Quatre points méritent d’être retenus :

  • Il ne faut pas croire que les sucres simples sont un poison. Ce ne sont pas les « -oses » (dextrose, fructose, glucose, sucrose, etc.) qui sont le problème, mais bien leur surconsommation. Une quantité raisonnable de sucres n’est pas nuisible en soi, mais la quantité généralement consommée aujourd’hui l’est assurément.
  • Les sucres naturels simples mais non raffinés, tels que le sucre brut ou la mélasse, sont un choix plus sain que les mêmes sucres raffinés.
  • Les sucres naturels, non raffinés, tels que le miel, le sirop d’érable ou les fruits entiers ou séchés, ont même des propriétés qui sont bénéfiques pour la santé, pourvu qu’ils soient consommés raisonnablement.
  • Les édulcorants artificiels, souvent utilisés pour remplacer le sucre, sont probablement un plus grand mal que celui que l’on cherche à remplacer. En effet, des études ont démontré que les édulcorants artificiels induisent aussi la résistance à l’insuline en modifiant la flore (microbiote) intestinale. Or, nous avons vu dans le numéro précédent de Vitalité Québec à quel point cette flore est essentielle pour une santé optimale.

 

SOLUTIONS

Réduisez votre consommation quotidienne de sucres à un minimum. Reprogrammez vos papilles gustatives en consommant de moins en moins de sucres.

Lorsque vous « devez » utiliser du sucre, dans une recette par exemple, préférez les sucres complets tels que le miel, le sirop d’érable ou le sucre brut. Vous pouvez aussi avoir recours à certains édulcorants naturels, tels que le stévia ou le xylitol ;

Préférez les fruits frais ou séchés pour les collations quotidiennes. Mais attention aux excès de fruits. De plus, évitez en général les jus de fruits, même les jus de fruits naturels ;

Si vous aimez le chocolat, convertissez-vous au chocolat ayant au moins 75 % de cacao. Plus il y a de cacao, moins il y a de sucre;

Gardez la consommation de douceurs sucrées « ordinaires » pour les occasions spéciales. Vous les apprécierez davantage ;

Finalement, l’exercice aide à « brûler » les calories supplémentaires fournies par le sucre tout en aidant à réduire la résistance à l’insuline. Donc, moins de sucre et plus de sport.

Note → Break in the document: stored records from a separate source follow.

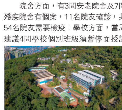
▲衛生署表示，西貢戶外康樂中心已預留予猴痘確診個案的密切接觸者進行檢疫。

介乎61至93歲，全部都有長期病患或癌症。當中5人未曾打針，另有5人未打三針；第五波疫情至今累計9597人離世。醫管局總行政經理（病人安全及風險管理）何婉霞再次提醒市民，如未接種疫苗，或只打一針，都要按時接種，強調要打齊疫苗才能產生效果。 院舍方面，有3間安老院舍及7間殘疾院舍有個案，11名院友確診，共54名院友需要檢疫；學校方面，當局建議4間學校個別班級須暫停面授課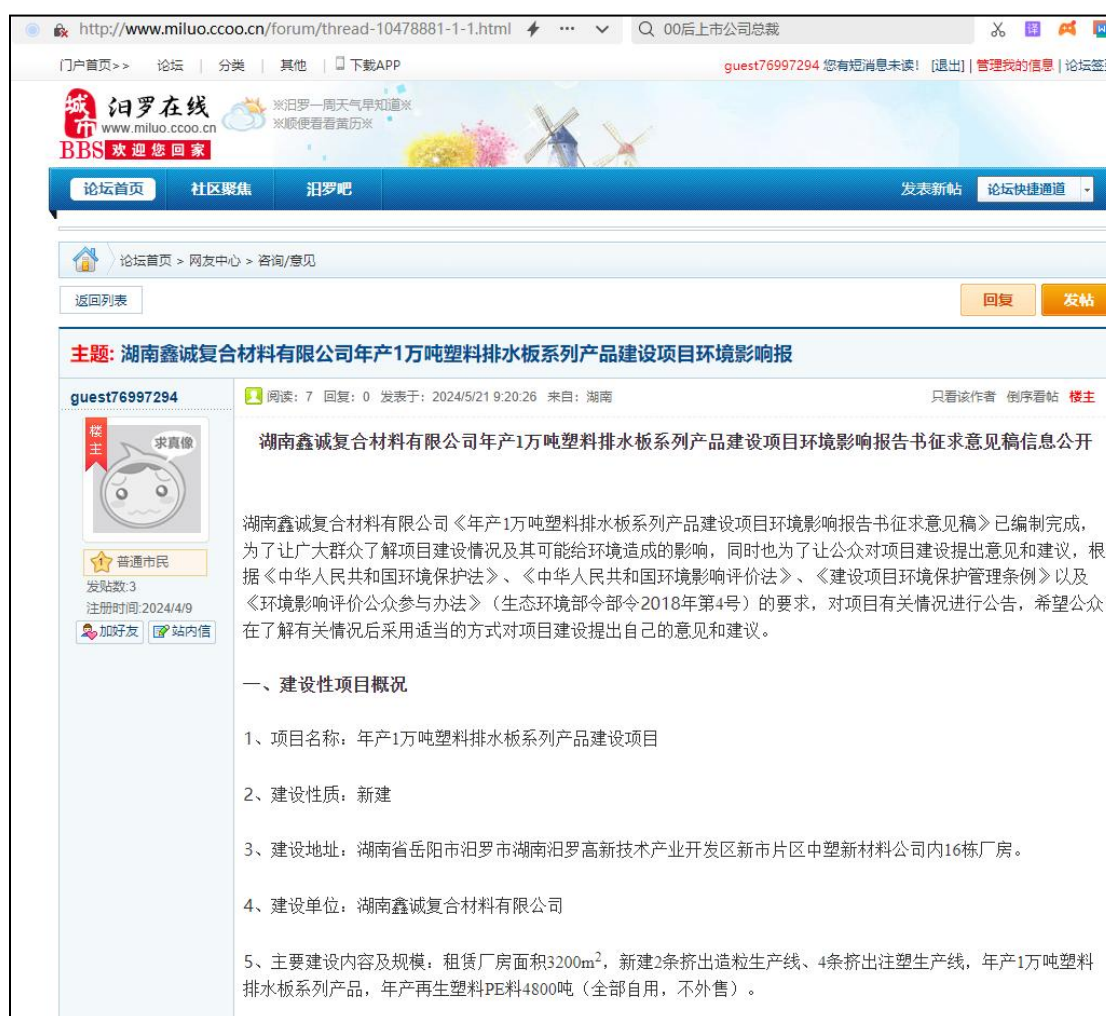
图 1.2-1 征求意见稿汨罗在线网络公示截图

http://www.miluo.ccoo.cn/forum/thread-10478881-1-1.html 。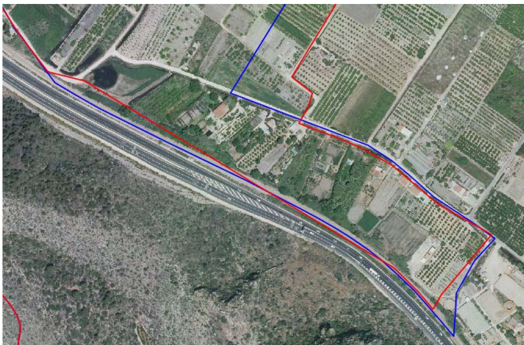
Figura 2. Límits de la ZEPA Montdúver - Marjal de la Safor (en blava) i del LIC Marjal de la Safor (en roig), interceptats pel traçat de la via a desdoblegar. Zona del Pla de les Fonts, immediatament al nord del Castell de Bairén, T.M. Gandia.

Aquest error en la informació dels apèndixs de l'EsIA es deu al fet que, com assenyala el propi text, s'ha redactat el document a partir de la cartografia d'hàbitats a escala 1:10.000 elaborada per la Conselleria competent en medi ambient de la Generalitat i quan no ha sigut possible a partir de la cartografia 1:50.000 elaborada a principis d'aquest segle pel MMA. La cartografia 1:10.000 està en l'actualitat en fase d'elaboració i de moment s'ha publicat només de forma molt fragmentària, de manera que no recull la cartografia d'hàbitats del LIC ES5233030 Marjal de la Safor. Per part seua, la cartografia 1:50.000 del MMA, no abasteix l'àmbit esmentat i deixa una zona sense cartografiar precisament en aquesta zona. Això no implica de cap manera que l'esmentat espai manque d'aquests hàbitats (de fet, va ser la presència d'hàbitats inclosos en l'Annex I de la Directiva d'Hàbitats la que va motivar la seua inclusió en el LIC).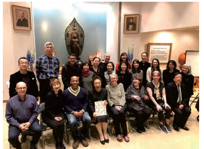
(पछिल्लो देब्रेबाट चौथो)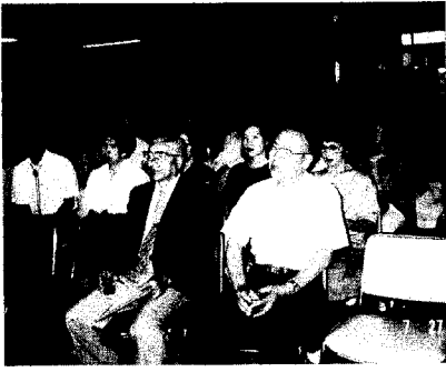
岩見沢市の緑成園で園長の説明を聞く民生委員の一行

一人暮らしの老人 所帯への除雪奉仕 一人暮らしのお年寄りや、身体の不自由な方々に対し、在宅福祉サービスの一環として除雪奉仕を行うため民生委員が調査し、町内会連合会(総括)、単位町内会と協力しあつて除雪奉仕活動を行い、この活動を通じて明るく住み良い地域社会づくりに進めると共に、温い心のふれあいと連帯感を生みだすよう努めております。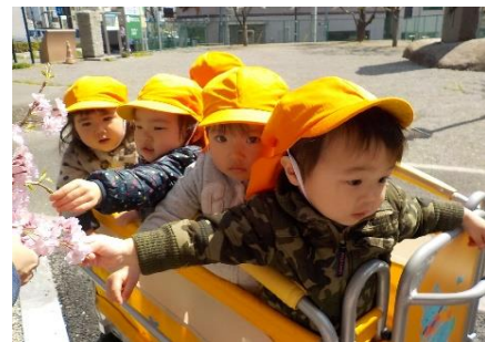
桜の花も見たいよ。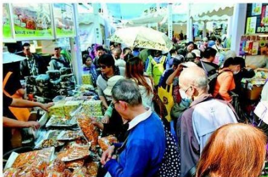
漁農美食嘉年華售賣本地產品的攤檔人山人海。

嘉年華共設有超過380個展銷攤位，當中約200個攤位售賣本地出產的漁農產品。此外，場內亦有多個本地美食、有機健康食品、廚具、家居用品攤位。嘉年華亦設有各式各樣的節目，包括文娛表演、烹飪示範及互動遊戲，適合一家大小參加。活動入場費用全免。嘉年華由上午10時至晚上8時舉行，其間有免費穿梭巴士往來港鐵石硤尾站B1窩仔街出口。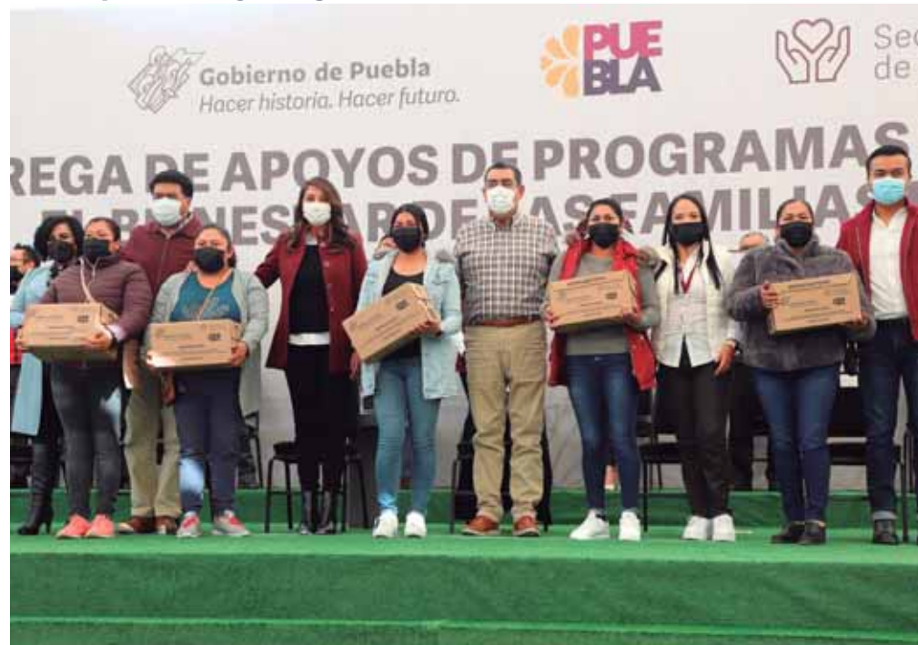
EN PUEBLA SIGUE FIRME LA VISIÓN DE MIGUEL BARBOSA HUERTA DE DEVOLVER EL RESPETO A LA DIGNIDAD DE LA GENTE.

● El mandatario presidió la entrega de apoyos para el bienestar en el municipio de Huejotzingo

Au début du XXe siècle, le Dr Weston Price avait visité diverses populations « primitives » autour du globe. Il avait alors constaté que l’augmentation des maladies dégénératives était directement proportionnelle à l’augmentation de la consommation d’aliments raffinés, dont le sucre. Price, Graham et Macfadden avaient raison, le sucre peut être néfaste. Que diraient-ils, s’ils nous observaient aujourd’hui ? Nous ne pouvons qu’imaginer leur désarroi en constatant la quantité de sucre consommé de nos jours. Plus de doute possible, il est devenu très néfaste, un poison. Nous devons en réduire la consommation, si nous voulons avoir une santé optimale.